Data for analysis
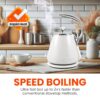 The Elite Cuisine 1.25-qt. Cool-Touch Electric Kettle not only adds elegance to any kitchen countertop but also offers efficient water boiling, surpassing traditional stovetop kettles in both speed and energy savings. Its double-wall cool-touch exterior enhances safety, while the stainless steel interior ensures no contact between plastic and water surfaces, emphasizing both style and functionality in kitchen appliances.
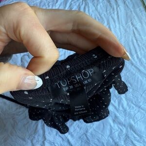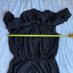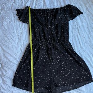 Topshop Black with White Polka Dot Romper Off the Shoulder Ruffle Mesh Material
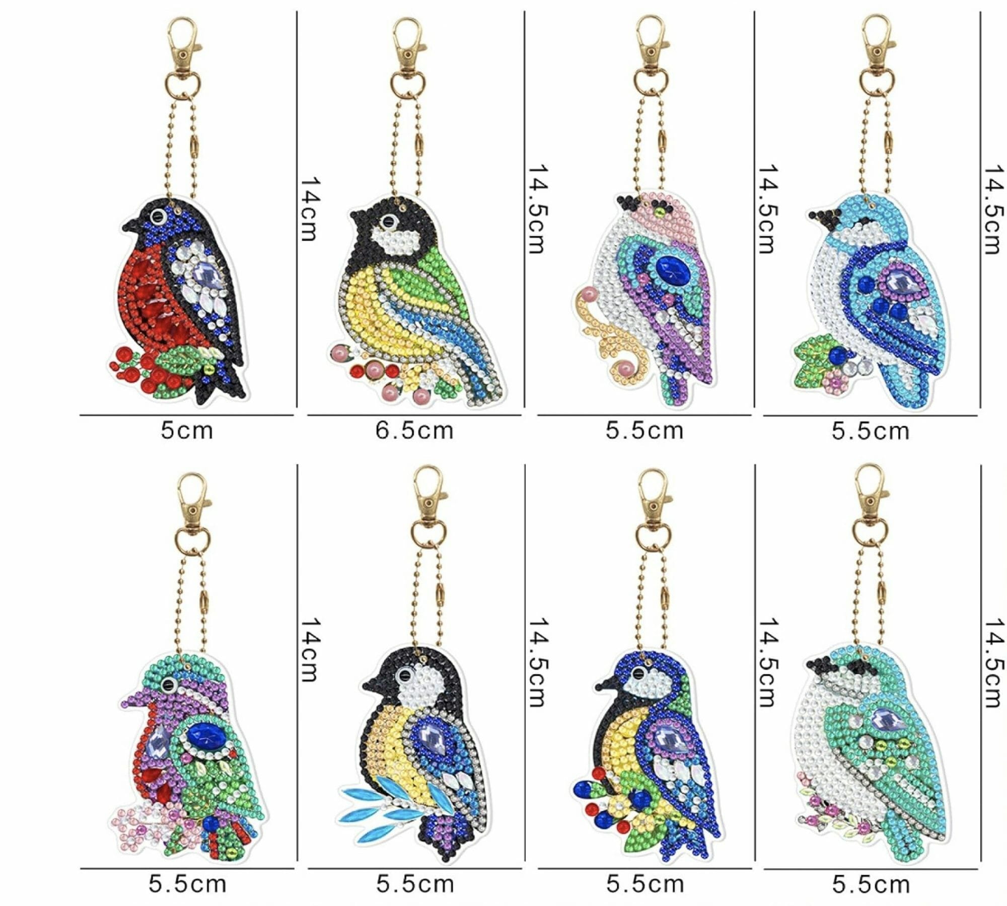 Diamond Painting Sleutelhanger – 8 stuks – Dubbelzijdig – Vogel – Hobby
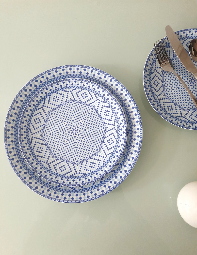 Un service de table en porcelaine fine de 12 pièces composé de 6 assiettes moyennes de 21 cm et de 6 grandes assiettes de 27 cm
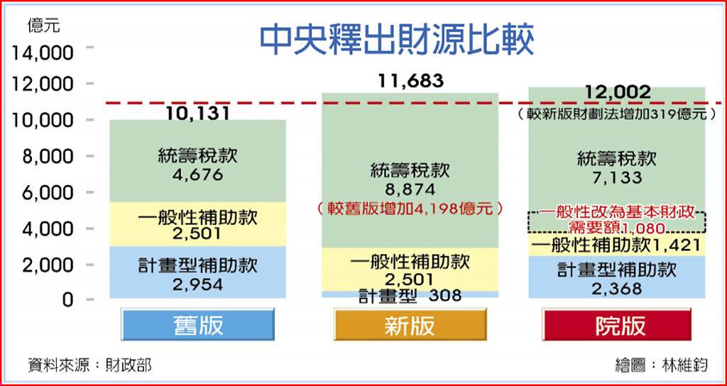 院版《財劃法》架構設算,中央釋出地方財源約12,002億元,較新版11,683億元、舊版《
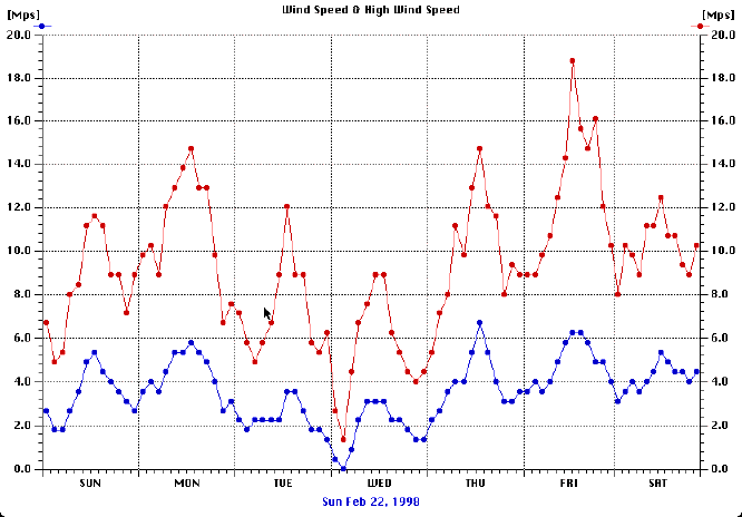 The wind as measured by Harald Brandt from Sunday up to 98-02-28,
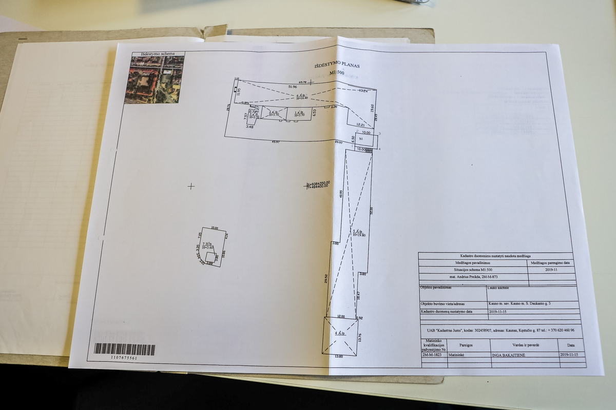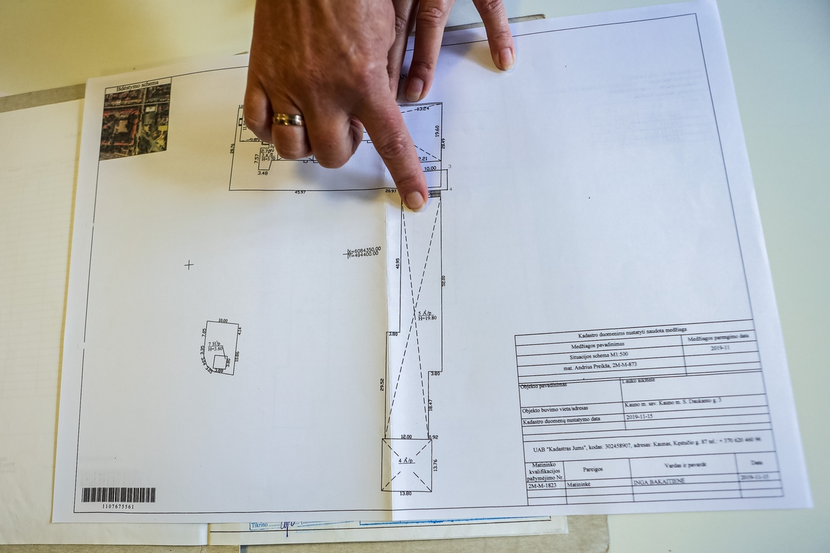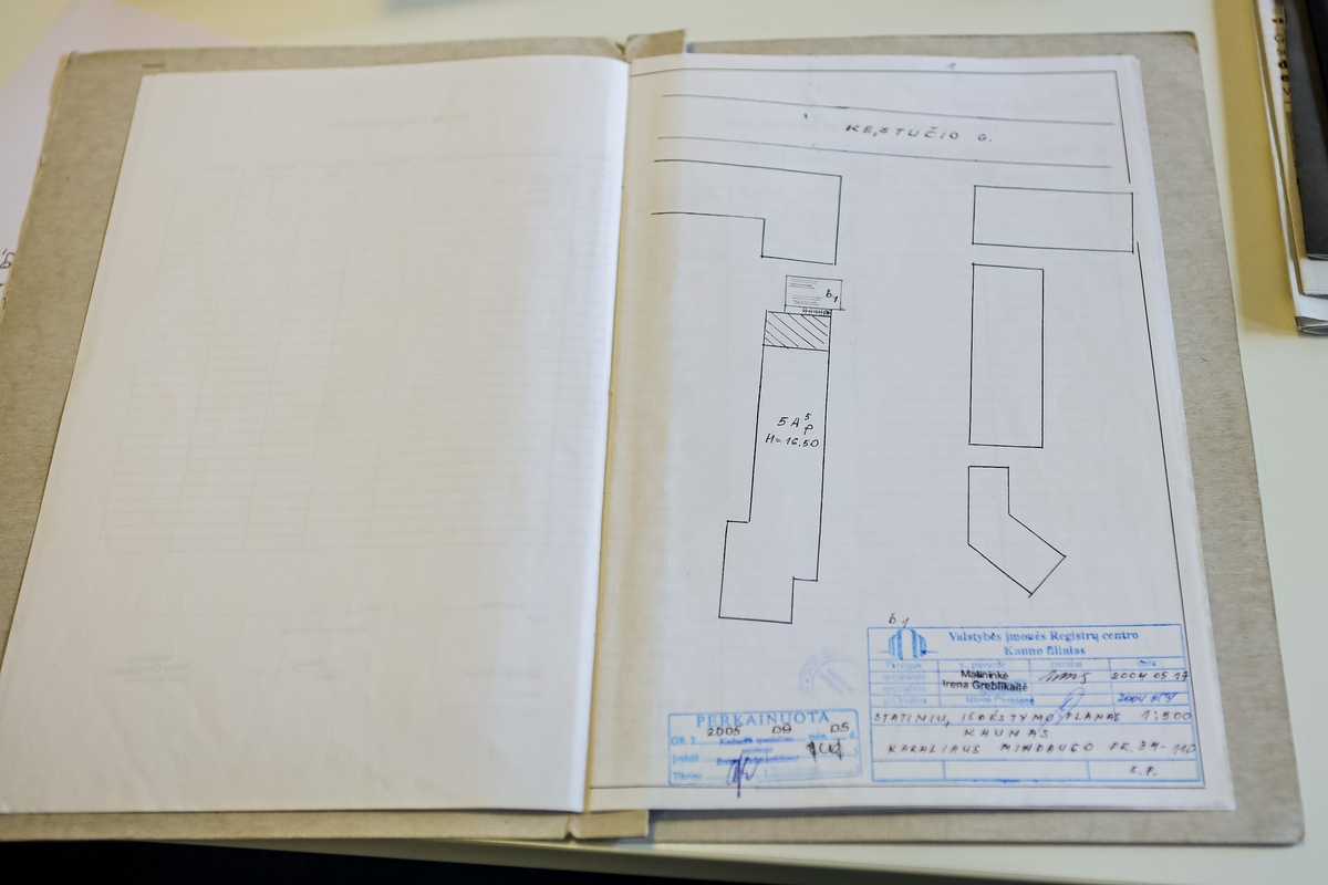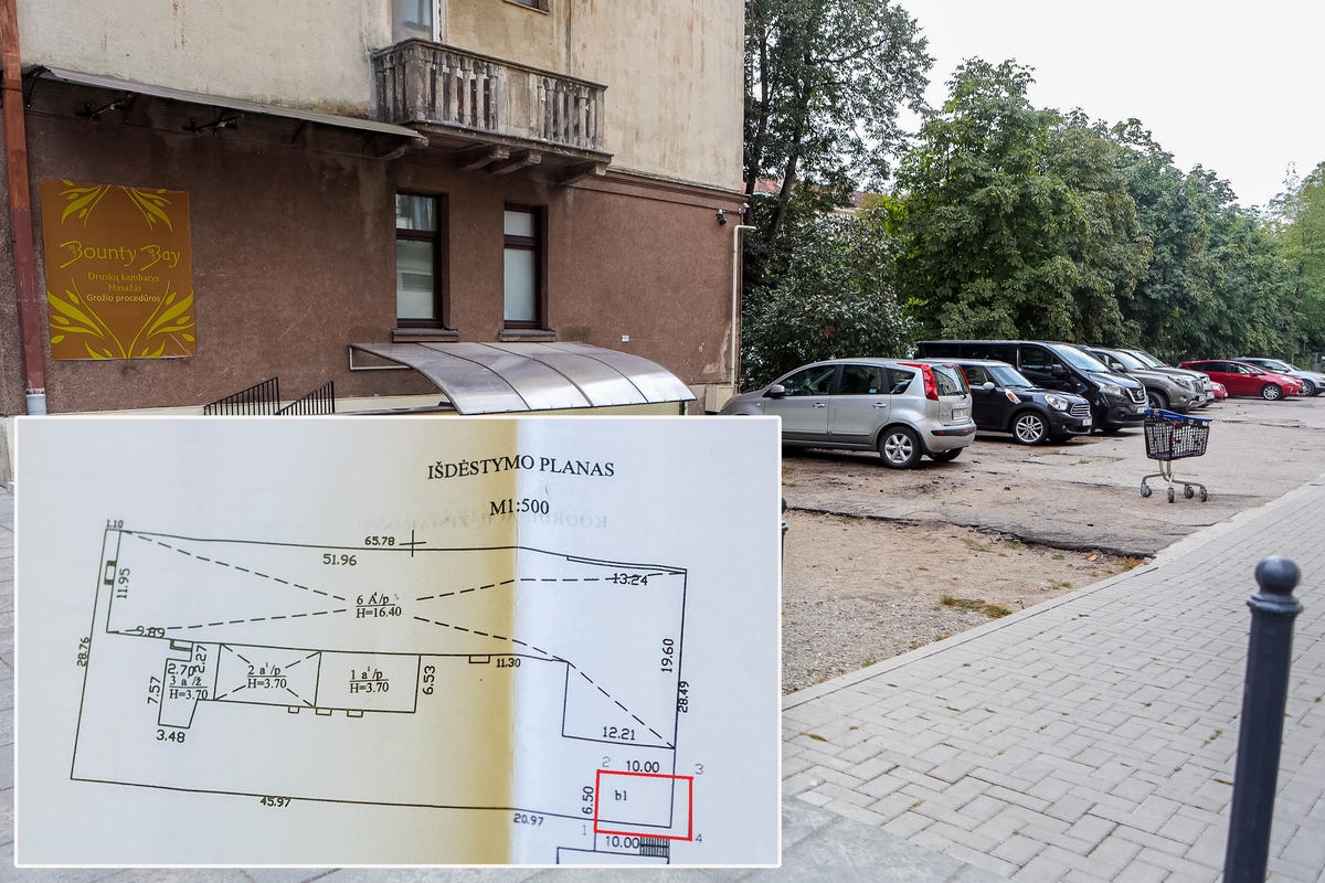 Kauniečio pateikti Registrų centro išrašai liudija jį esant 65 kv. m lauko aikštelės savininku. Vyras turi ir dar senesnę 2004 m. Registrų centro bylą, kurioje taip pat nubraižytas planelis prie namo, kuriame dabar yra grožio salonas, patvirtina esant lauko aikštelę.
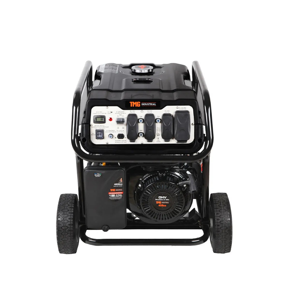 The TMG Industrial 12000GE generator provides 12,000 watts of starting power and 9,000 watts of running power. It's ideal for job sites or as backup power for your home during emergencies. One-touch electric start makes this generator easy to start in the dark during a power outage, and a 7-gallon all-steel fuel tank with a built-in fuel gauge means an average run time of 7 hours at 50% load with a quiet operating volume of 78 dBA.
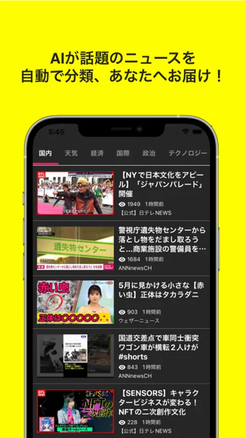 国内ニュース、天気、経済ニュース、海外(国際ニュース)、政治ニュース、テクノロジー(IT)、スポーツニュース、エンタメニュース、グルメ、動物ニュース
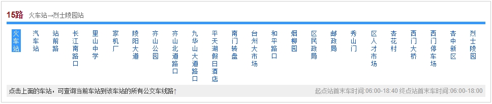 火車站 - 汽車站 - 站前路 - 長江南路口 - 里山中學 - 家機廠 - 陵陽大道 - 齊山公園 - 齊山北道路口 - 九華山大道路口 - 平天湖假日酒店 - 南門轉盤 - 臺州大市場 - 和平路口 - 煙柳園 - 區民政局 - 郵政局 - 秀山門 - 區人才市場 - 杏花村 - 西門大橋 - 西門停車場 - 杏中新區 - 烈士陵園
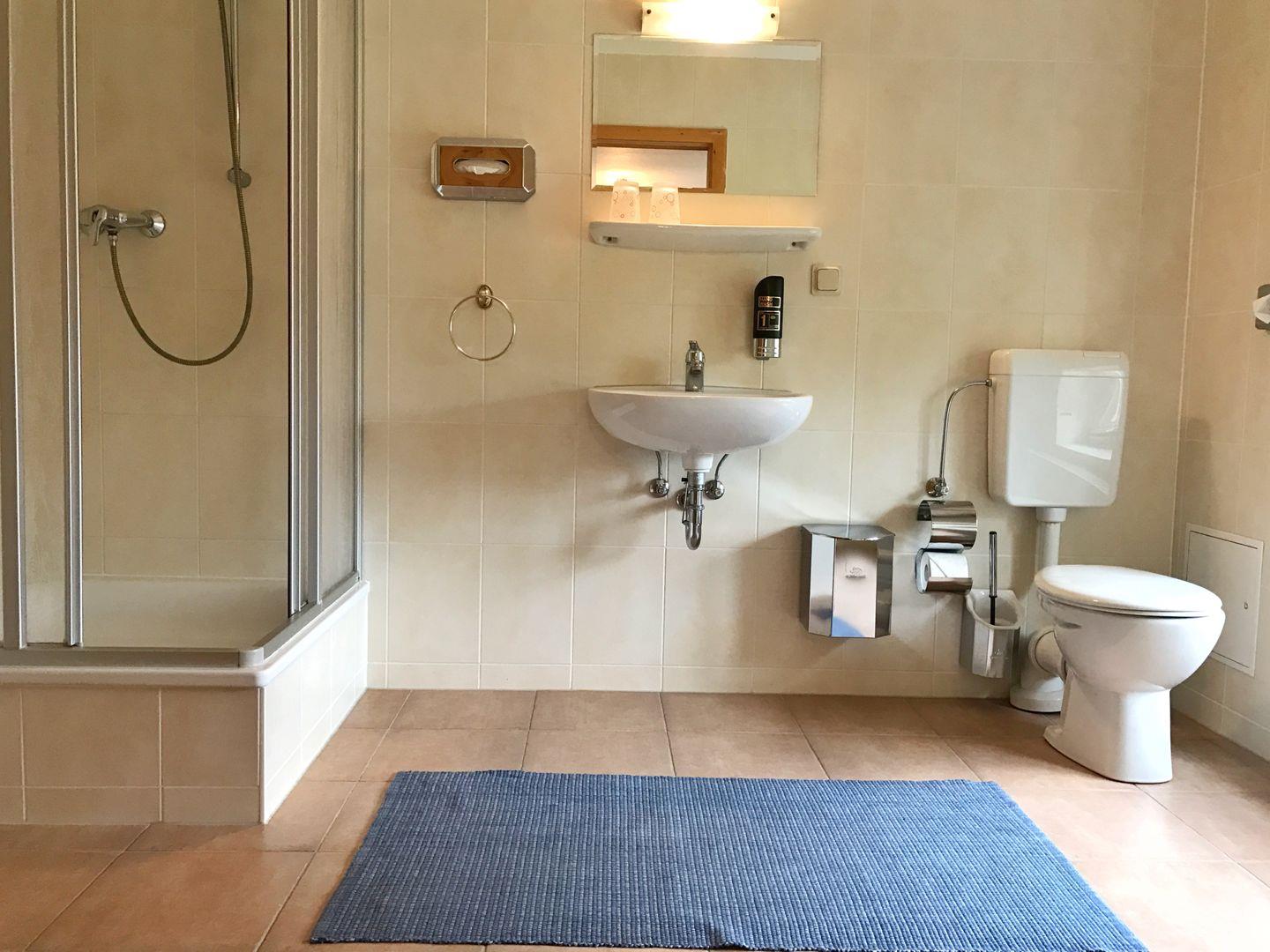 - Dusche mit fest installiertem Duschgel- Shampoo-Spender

What is needed
You need to restate all of the entries above exactly and leave the pictures behind.

Response area
 The Elite Cuisine 1.25-qt. Cool-Touch Electric Kettle not only adds elegance to any kitchen countertop but also offers efficient water boiling, surpassing traditional stovetop kettles in both speed and energy savings. Its double-wall cool-touch exterior enhances safety, while the stainless steel interior ensures no contact between plastic and water surfaces, emphasizing both style and functionality in kitchen appliances.
 Topshop Black with White Polka Dot Romper Off the Shoulder Ruffle Mesh Material
 Diamond Painting Sleutelhanger – 8 stuks – Dubbelzijdig – Vogel – Hobby
 Un service de table en porcelaine fine de 12 pièces composé de 6 assiettes moyennes de 21 cm et de 6 grandes assiettes de 27 cm
 院版《財劃法》架構設算,中央釋出地方財源約12,002億元,較新版11,683億元、舊版《
 The wind as measured by Harald Brandt from Sunday up to 98-02-28,
 Kauniečio pateikti Registrų centro išrašai liudija jį esant 65 kv. m lauko aikštelės savininku. Vyras turi ir dar senesnę 2004 m. Registrų centro bylą, kurioje taip pat nubraižytas planelis prie namo, kuriame dabar yra grožio salonas, patvirtina esant lauko aikštelę.
 The TMG Industrial 12000GE generator provides 12,000 watts of starting power and 9,000 watts of running power. It's ideal for job sites or as backup power for your home during emergencies. One-touch electric start makes this generator easy to start in the dark during a power outage, and a 7-gallon all-steel fuel tank with a built-in fuel gauge means an average run time of 7 hours at 50% load with a quiet operating volume of 78 dBA.
 国内ニュース、天気、経済ニュース、海外(国際ニュース)、政治ニュース、テクノロジー(IT)、スポーツニュース、エンタメニュース、グルメ、動物ニュース
 火車站 - 汽車站 - 站前路 - 長江南路口 - 里山中學 - 家機廠 - 陵陽大道 - 齊山公園 - 齊山北道路口 - 九華山大道路口 - 平天湖假日酒店 - 南門轉盤 - 臺州大市場 - 和平路口 - 煙柳園 - 區民政局 - 郵政局 - 秀山門 - 區人才市場 - 杏花村 - 西門大橋 - 西門停車場 - 杏中新區 - 烈士陵園
 - Dusche mit fest installiertem Duschgel- Shampoo-Spender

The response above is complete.